Business Ghana: Ghana: Friday, June 15, 2018.
The Right To
Information (RTI) Coalition has called on Parliament to take a critical look at
some of the provisions of the Right To Information Bill, which is currently
before the House, to make it more credible.
The group,
which has been championing the Right To Information campaign over the years,
has argued that there are “persisting flaws in the Bill” and, therefore, called
for the removal of some provisions from the proposed RTI Bill.
Reading a
statement on behalf of the coalition, the Director of Advocacy and Policy
Engagement at the Ghana Centre for Democratic Development (CDD-Ghana), Dr Kwadwo
Asante, who is a member of the coalition, said: “it is imperative that the RTI
Bill being discussed in Parliament actually provides and actualises the right
to information not a denial of information.”
The coalition
explained that it made the observation following the laying of a report on the
RTI Bill before Parliament by the joint Parliamentary Committee on
Constitutional, Legal and Parliamentary Affairs, and Communications on May 23,
2018 and the subsequent second reading of the bill on June 7, 2018.
Although they
agreed that there had been positive amendments to the Bill in relation to the
work of the joint committee, they added that “unfortunately, in spite of these
positive moves by the joint committee, the bill currently contains provisions
that if not addressed by the house will render the entire exercise
meaningless.”
Clauses
Members of
the coalition said they were happy that the report laid before the full House
by the joint committee had proposed an amendment to reduce the application and receipt
of information time from 28 days to 14 days.
Also they
agreed that the requirement for an application fee should be scrapped and
limited to only prescribed fee for reproduction.
To make the
Bill credible, Dr Asante called for the deletion of a number of provisions
including clauses 12, 13, 85 and 92 as well as the deletion of some words in
some provisions.
Clause 12,
which stated that information obtained from a tax return or gathered for the
purpose of determining tax liability, was an exempt information.
Yet, the
coalition insist that exempting clause 12 defeats government’s objective on tax
governance and increasing domestic resource mobilisation which is a major
indicator of the Ghana beyond aid agenda.
Clause 13, in
parts, states that an information should be exempted from disclosure, if it
would reveal an opinion, an advice, a report, or a recommendation prepared or
recorded or a consultation or a deliberation held in the course of or for the
purpose of making a decision in the public service which can reasonably be
expected to frustrate or inhibit the candid and deliberative process of a
public institution.
“This
provision, if kept, fundamentally undermines the entirety of the Bill. Almost
all documents in the public service will become exempt information. If fact, if
you keep clause 13, you can delete all the public interests exemptions
currently in the Bill because they become redundant,” he said.
Office of
President
Clauses 85
and 92 which deal with primacy of the Act, according to the coalition, must be
deleted and replaced with a new clause as the current provision was inadequate
and must be addressed to avoid unnecessary litigation.
Parliament,
they said, must also defined ‘the Office
of the President’ under clause five which states that information is exempt if
prepared for the submission or submitted to the office of the President and
Vice President.
That was
because ‘‘there are so many offices under the Office of the President”.
They also
stated that the word prejudice in clause eight and nine must be deleted while
the word damage was kept.
On the
proposal of the joint parliamentary committee for an amendment of clause 18 to
require citizens to show an identification card when they applied for
information, the coalition opposed the idea saying people must not be
necessarily physically present to make a request for information as they could
rely on technology to do that.
Also on
clause 38, where the joint committee was
proposing that applicants could head to the Supreme Court if they were denied
access to information, the coalition said it was erroneous and suggested that
applicants should first resort to the information commission for redress and
then to the high court.
“Members of
Parliament should remember that they are citizens first and politicians second.
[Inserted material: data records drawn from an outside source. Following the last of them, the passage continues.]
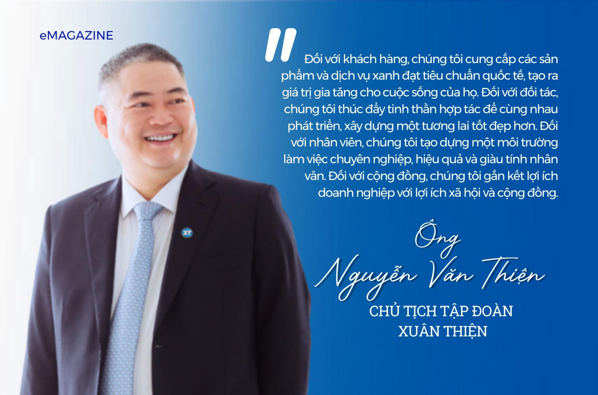 Chủ tịch Tập đoàn Xuân Thiện chia sẻ: “Đối với khách hàng, chúng tôi cung cấp các sản phẩm và dịch vụ xanh đạt tiêu chuẩn quốc tế, tạo ra giá trị gia tăng cho cuộc sống của họ. Đối với đối tác, chúng tôi thúc đẩy tinh thần hợp tác để cùng nhau phát triển, xây dựng một tương lai tốt đẹp hơn. Đối với nhân viên, chúng tôi tạo dựng một môi trường làm việc chuyên nghiệp, hiệu quả và giàu tính nhân văn. Đối với cộng đồng, chúng tôi gắn kết lợi ích doanh nghiệp với lợi ích xã hội và cộng đồng”.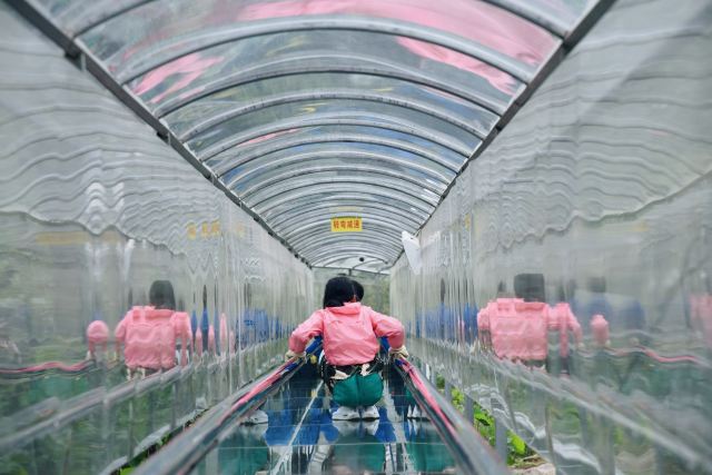 我们去玩了世界最长的悬空玻璃漂流滑道,长达1780米,离地最高13米,360回旋漂流道,落差高达100多米一年四季都可漂的空中漂流,在世界上最长的悬空玻璃漂流滑道上,一年四季都可以玩的空中漂流,还不容易湿身。漂流非常适合大人和小孩一起玩,非常安全,不会太过刺激,也不用怕像其他漂流会被旁边伸出来的树枝划到手。景区提供免费的防水衣,有上下两件,全方位包裹着,完全不怕被弄湿衣服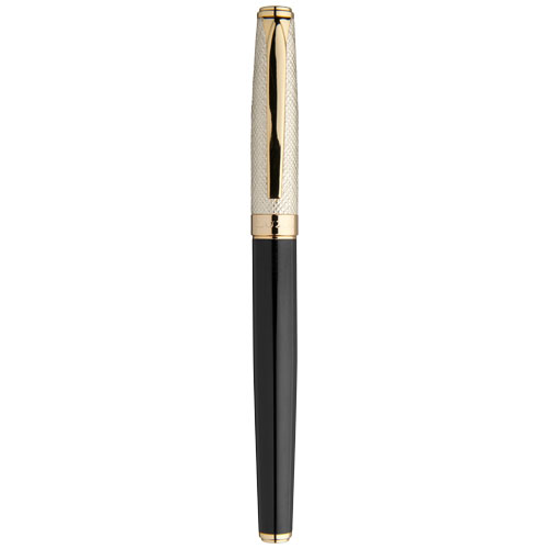 Luksusowe pióro kulkowe, ze złotą skórzaną zatyczką i lakierowanymi złotymi elementami, zapakowane w pudełko upominkowe Luxe. Dolny korpus wykonany jest z lakierowanego mosiądzu, a górny z mosiądzu i PU. Pióro kulkowe: 14 cm x 1,15 cm, waga: 32 gr, żywotność: 500 m.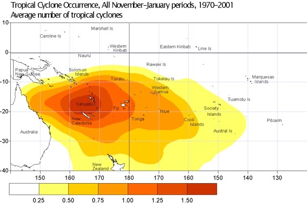 Tropical cyclone occurrence, all November-January periods.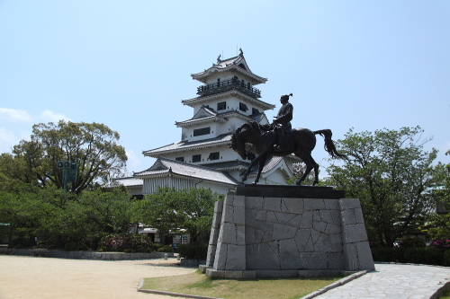 | 今治城天守閣と初代城主・藤堂高虎の銅像。 |

Passing a credible law that will facilitate the effective participation of citizens
in the affairs of state, facilitate the welfare of citizens and promote
transparency will inure to the benefit of all,” Dr Asante said.
Delay
The coalition
used the opportunity to launch a 36 days countdown to the passage of the Right
To Information Bill before the end of the current sitting of Parliament.
Launching the
countdown, the Chairman of the RTI coalition, Mr Seth?Aboloso, said the
coalition would be monitoring Parliament’s consideration of the Bill every step
of the way until subsequent presidential assent to the Law.
He said the
coalition would also be sensitising the public and also embark on outreach
programmes at the regional level in addition to media engagement programmes.
President
Nana Addo Dankwa Akufo-Addo, in his address on March 6 during the celebration
of Ghana’s 60th independence anniversary, served notice he would give impetus
to his fight against corruption by impressing on Parliament to pass the Right
to Information Bill (RTI) before it went on recess.
The RTI bill
was pioneered 22 years ago by the Institute of Economic Affairs (IEA) which
came up with the first draft followed by governments review of the Bill in
2003, 2005 and 2007 until it was put before Parliament on February 5, 2010.